■ Material provided ■
== == ==

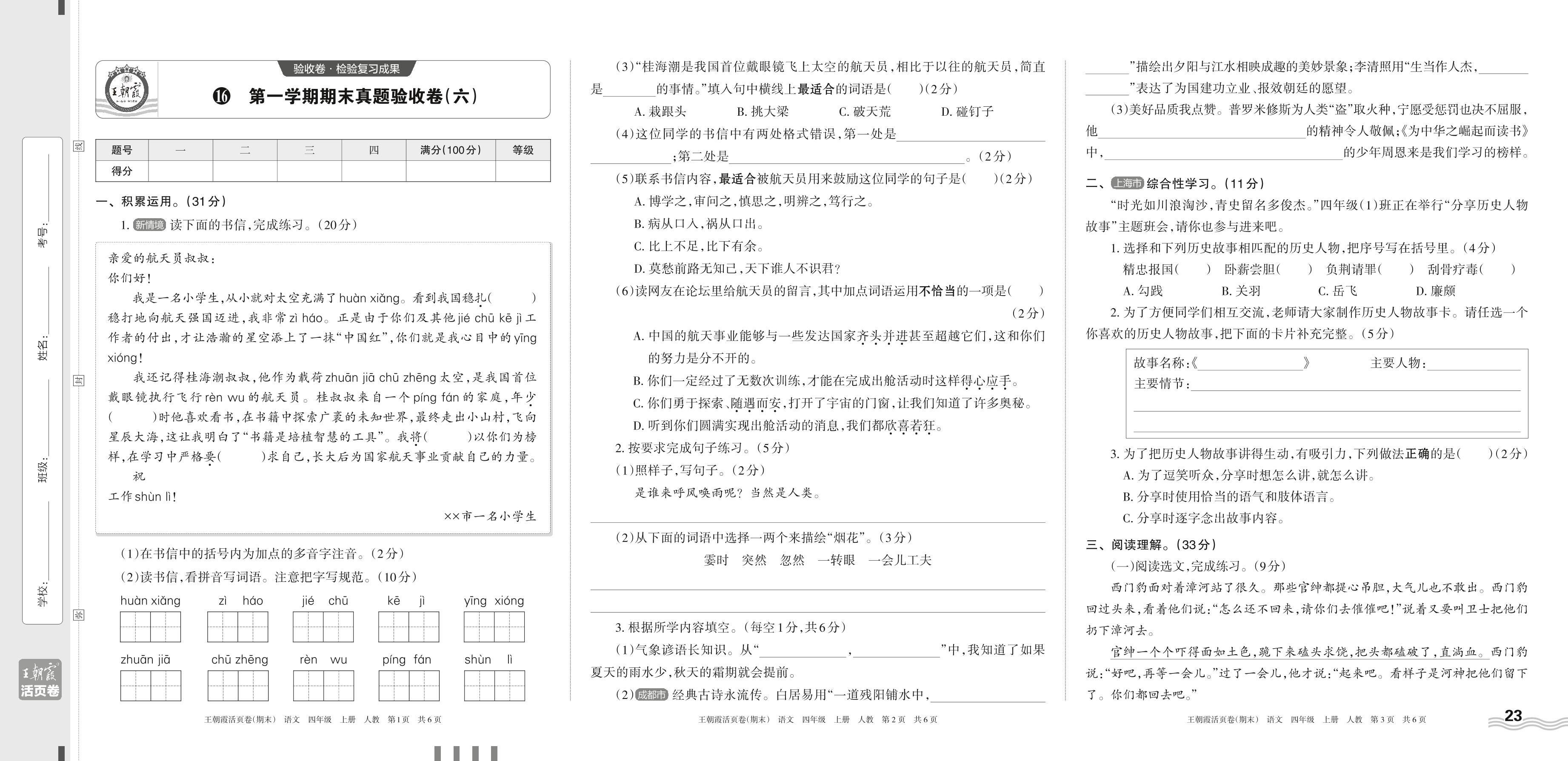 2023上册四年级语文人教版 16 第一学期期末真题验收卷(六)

== == ==

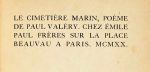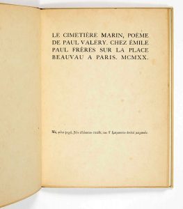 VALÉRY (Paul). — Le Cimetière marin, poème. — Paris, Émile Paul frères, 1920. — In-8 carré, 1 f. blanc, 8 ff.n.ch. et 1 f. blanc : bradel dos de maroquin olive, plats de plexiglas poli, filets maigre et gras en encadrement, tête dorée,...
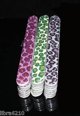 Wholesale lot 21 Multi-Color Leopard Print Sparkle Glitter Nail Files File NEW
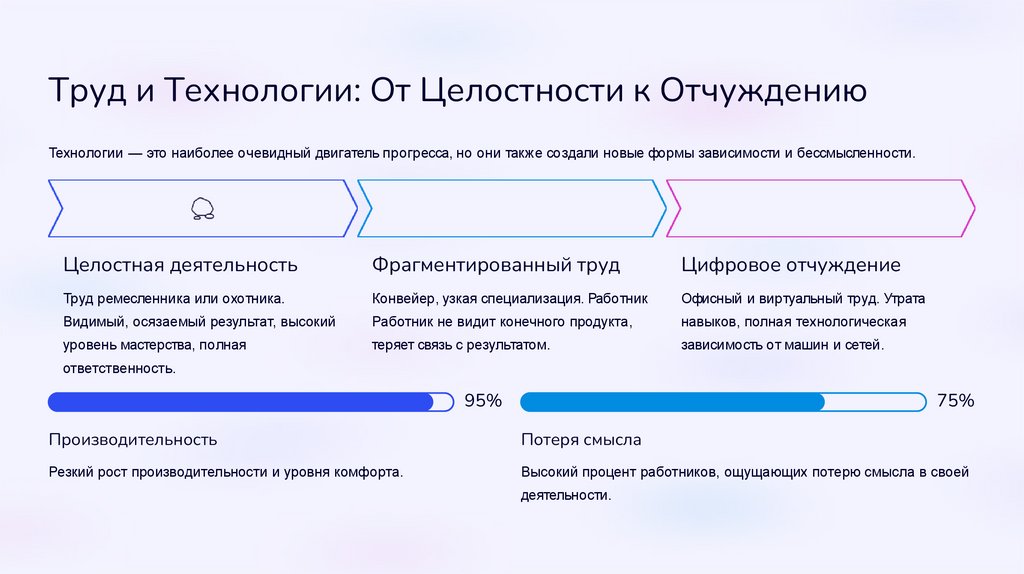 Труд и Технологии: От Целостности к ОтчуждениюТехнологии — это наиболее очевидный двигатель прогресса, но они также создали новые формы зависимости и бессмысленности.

== == ==

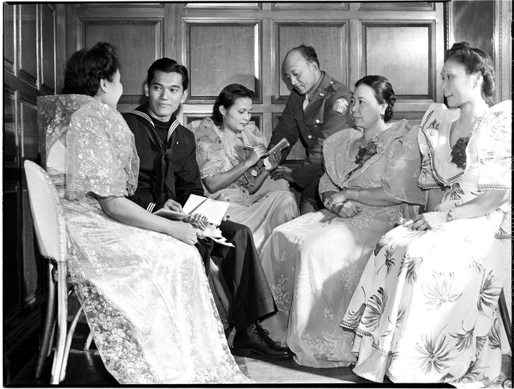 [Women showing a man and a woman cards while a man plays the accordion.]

== == ==

■ Task item ■
Starting at the line with "VALÉRY (Paul). —" and finishing at the line with "Труд и Технологии: От", copy the material above exactly, both lines included. Nothing else goes in, and no pictures.

■ Answer ■
 VALÉRY (Paul). — Le Cimetière marin, poème. — Paris, Émile Paul frères, 1920. — In-8 carré, 1 f. blanc, 8 ff.n.ch. et 1 f. blanc : bradel dos de maroquin olive, plats de plexiglas poli, filets maigre et gras en encadrement, tête dorée,...
 Wholesale lot 21 Multi-Color Leopard Print Sparkle Glitter Nail Files File NEW
 Труд и Технологии: От Целостности к ОтчуждениюТехнологии — это наиболее очевидный двигатель прогресса, но они также создали новые формы зависимости и бессмысленности.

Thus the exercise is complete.